Ao contrário de Piaget, para Vygotsky, o discurso egocêntrico não deve ser visto como uma forma primitiva, ou associal, que
desapareceria gradualmente, pois para ele a criança é intensamente social; e o discurso egocêntrico é fundamental para o
desenvolvimento do discurso social.
Num dado sentido, podemos aceitar que “a criança ao brincar é livre para determinar as suas próprias ações. Mas, num outro sentido,
essa liberdade é ilusória pois que essas ações estão, de facto, subordinadas aos significados das coisas, e dos seus atos” (in, Vygotsky,
1978, p.98). Pode, não parecer atual, mas é de facto muito interessante a elaboração de Vygotsky, acerca do papel do jogo livre no
incentivo do desenvolvimento da criança, e só podemos lamentar que não colha hoje o interesse dos educadores, o incentivo a esse
espírito livre e inventivo que qualquer criança deveria poder explorar.
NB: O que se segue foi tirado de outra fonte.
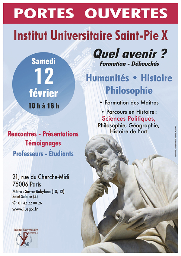 Le samedi 12 février prochain, de 10 H 00 à 16 H00, auront lieu à Paris les portes ouvertes de l’Institut Universitaire Saint-Pie X. Cet établissement, qui vient de fêter ses quarante ans, enseigne différentes disciplines telles que l’histoire et les lettres, dans un esprit catholique et français.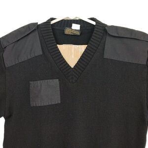 The vintage Citadel military men's pullover v-neck sweater in medium size and black color is a timeless piece of men's clothing. Made from acrylic material in a tight-knit style, this sweater features long sleeves and a classic v-neckline for a versatile and stylish look. The vintage Citadel brand adds a unique touch to this pullover sweater, making it a standout addition to any wardrobe. Easy to care for with machine washable instructions, this sweater combines comfort and style with its solid black color and classic design.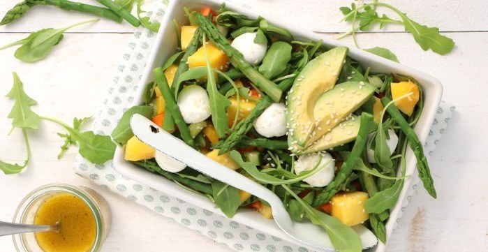Oh, oeps, ik riep al weken geleden dat wat mij betreft het salade-seizoen was geopend, maar volgens mij zijn er nog niet veel recepten voor salades online gekomen. Maar dat ga ik vandaag goed maken, want deze salade met groene asperges en mango heb ik de afgelopen week al 2 keer gegeten en dit is wat mij betreft een blijvertje! Deze salade at ik als lunch, maar ook als bijgerecht bij een makkelijke weekendmaaltijd. Maar ik kan me zomaar voorstellen dat ie ook nog weer op tafel komt als we binnenkort de bbq aansteken. Yes, salad season is on!
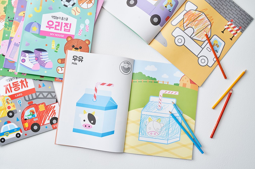 아이들은 색칠 공부를 통해 창의력과 색채 감각을 쌓아 나가죠. 과일 채소부터 우리집까지 10가지의 친숙한 주제로 구성된 색칠놀이 홈스쿨 세트를 소개할게요. 밑그림 옆으로 완성된 예시 그림이 나란히 나와 있어 아이 스스로 색칠할 때 도움을 주는 것은 물론이고요. 알록달록한 일러스트와 함께 한글, 영어 어휘, 칭찬 스티커 등이 들어가 더욱 다채롭게 즐길 수 있어요. 그림 그리기 좋아하는 우리 아이를 위해 놀이책으로 준비해보세요.

In play – the creation of an imaginary situation – the child emancipates her/himself from situational constraints, such us the immediate perceptual
field (Newman & Holzman, 1993, p.99).
Para Vygotsky, a imitação é o que torna possível à criança desenvolver capacidades, ao tentar fazer o que ainda não consegue dominar
totalmente, por exemplo, quando experimenta pegar num lápis de forma a conseguir desenhar, e aprimorar o seu traço; compreende-se
que possamos dizer – com Newman e Holzman (op.cit.) – que no início da infância, a atividade conjunta verdadeiramente revolucionária
que ocorre na zona de desenvolvimento proximal é a imitação. É curioso reconhecermos, com os autores, a ideia já esquecida por nós,
de que a imitação – no início da vida – é uma atividade fundamental e complexa para cada novo bebé que descobre o mundo.
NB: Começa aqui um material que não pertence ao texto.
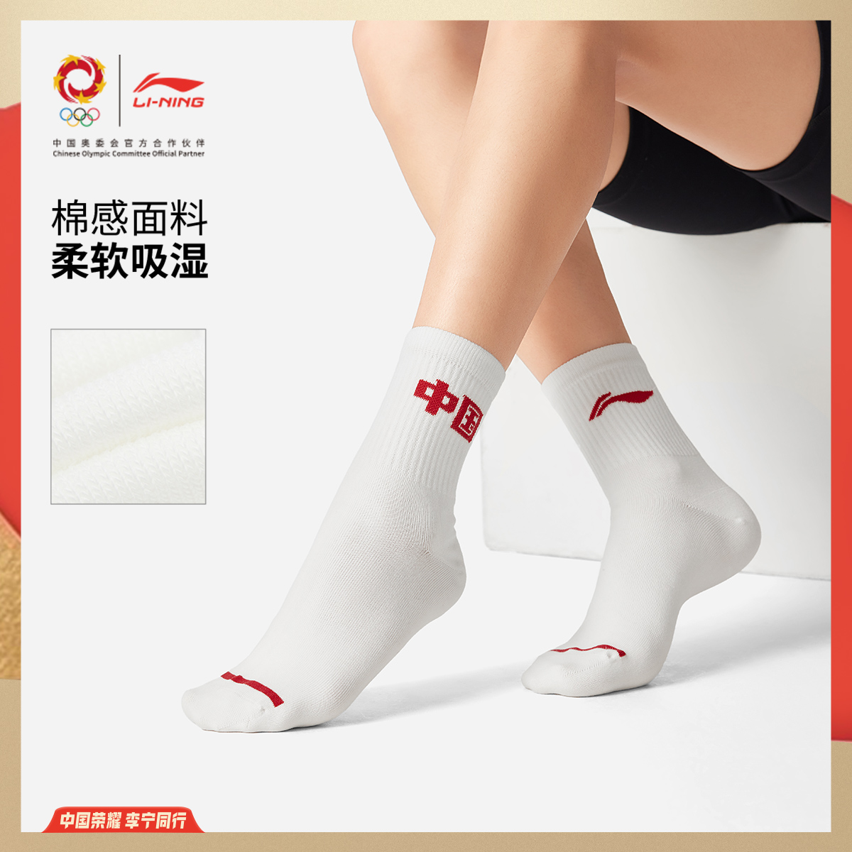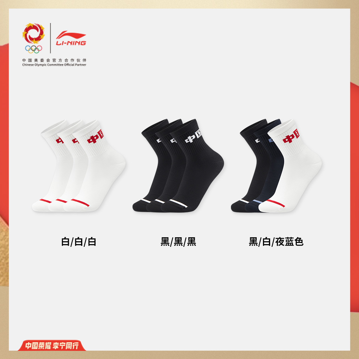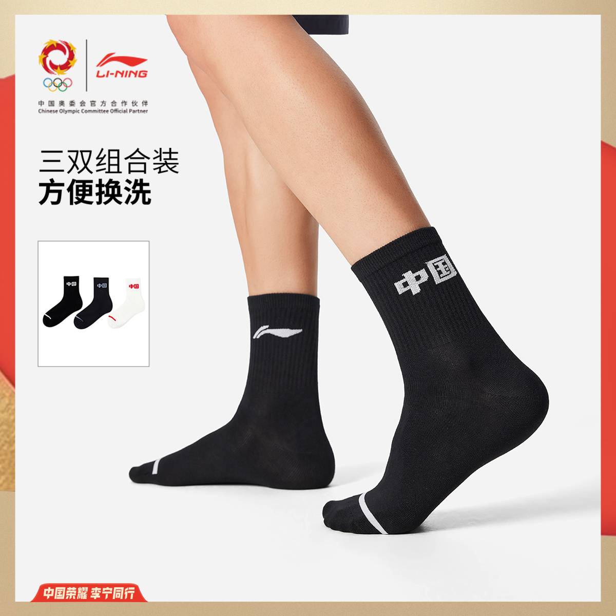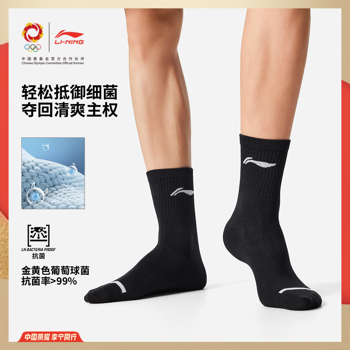 李宁荣耀系列中筒中袜男女士25新款正品抗菌长袜三双装运动袜子

Mothers, fathers and others adults relate to infants and babies as capable of far more than they could possible do – they relate to them as
speakers, feelers and thinkers (Newman & Holzman, 1993, p.151).
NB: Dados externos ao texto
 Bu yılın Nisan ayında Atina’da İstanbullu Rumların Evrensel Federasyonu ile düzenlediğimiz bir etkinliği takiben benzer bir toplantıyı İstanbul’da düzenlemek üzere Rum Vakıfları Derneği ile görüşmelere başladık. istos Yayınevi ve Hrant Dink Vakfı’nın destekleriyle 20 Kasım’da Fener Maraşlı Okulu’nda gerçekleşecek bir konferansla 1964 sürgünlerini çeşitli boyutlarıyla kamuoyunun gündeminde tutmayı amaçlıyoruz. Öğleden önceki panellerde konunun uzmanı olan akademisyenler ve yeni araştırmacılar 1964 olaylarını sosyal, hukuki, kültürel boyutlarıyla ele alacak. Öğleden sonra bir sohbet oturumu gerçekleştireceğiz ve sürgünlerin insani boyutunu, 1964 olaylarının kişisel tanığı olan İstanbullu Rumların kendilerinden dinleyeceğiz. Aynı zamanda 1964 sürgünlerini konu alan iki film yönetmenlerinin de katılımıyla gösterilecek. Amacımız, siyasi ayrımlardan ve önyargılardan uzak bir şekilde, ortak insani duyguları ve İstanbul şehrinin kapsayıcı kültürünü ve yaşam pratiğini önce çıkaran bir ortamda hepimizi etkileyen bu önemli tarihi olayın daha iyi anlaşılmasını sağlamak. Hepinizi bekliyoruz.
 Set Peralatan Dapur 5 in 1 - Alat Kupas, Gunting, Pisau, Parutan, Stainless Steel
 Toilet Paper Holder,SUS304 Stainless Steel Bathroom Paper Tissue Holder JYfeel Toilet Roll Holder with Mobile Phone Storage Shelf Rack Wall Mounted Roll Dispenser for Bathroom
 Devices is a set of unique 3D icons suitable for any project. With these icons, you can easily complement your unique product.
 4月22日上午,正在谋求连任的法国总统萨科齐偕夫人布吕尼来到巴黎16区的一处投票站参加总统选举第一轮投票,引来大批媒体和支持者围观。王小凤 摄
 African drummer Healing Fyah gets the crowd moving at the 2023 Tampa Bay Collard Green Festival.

Estamos de acordo, com Hélio Teixeira, quando este refere como Vygotsky, numa vida tão curta, criou uma obra tão interessante e
inspiradora com conceitos bem delineados. Sendo Wertsch um dos mais destacados divulgadores do pensamento de Vygotsky,
aceitamos com o autor, que três ideias se destacam no seu contributo intelectual, são elas, o recurso ao método genético, ou de
desenvolvimento; a ideia de que as funções mentais mais elevadas do sujeito emergem de processos sociais; e que esses processos
sociais e psicológicos se formam através de artefactos culturais que medeiam as relações entre indivíduos, e entre eles e os seus
envolvimentos físicos. Para Vygotsky não faria sentido estudar o desenvolvimento do indivíduo separadamente do seu envolvimento
social, sendo que o desenvolvimento cognitivo deve ser entendido enquanto um processo de aquisição cultural (Fino, 2001).
Questão de auto-avaliação
Justifique a relevância da observação naturalista e exemplifique com três exemplos de diferente natureza.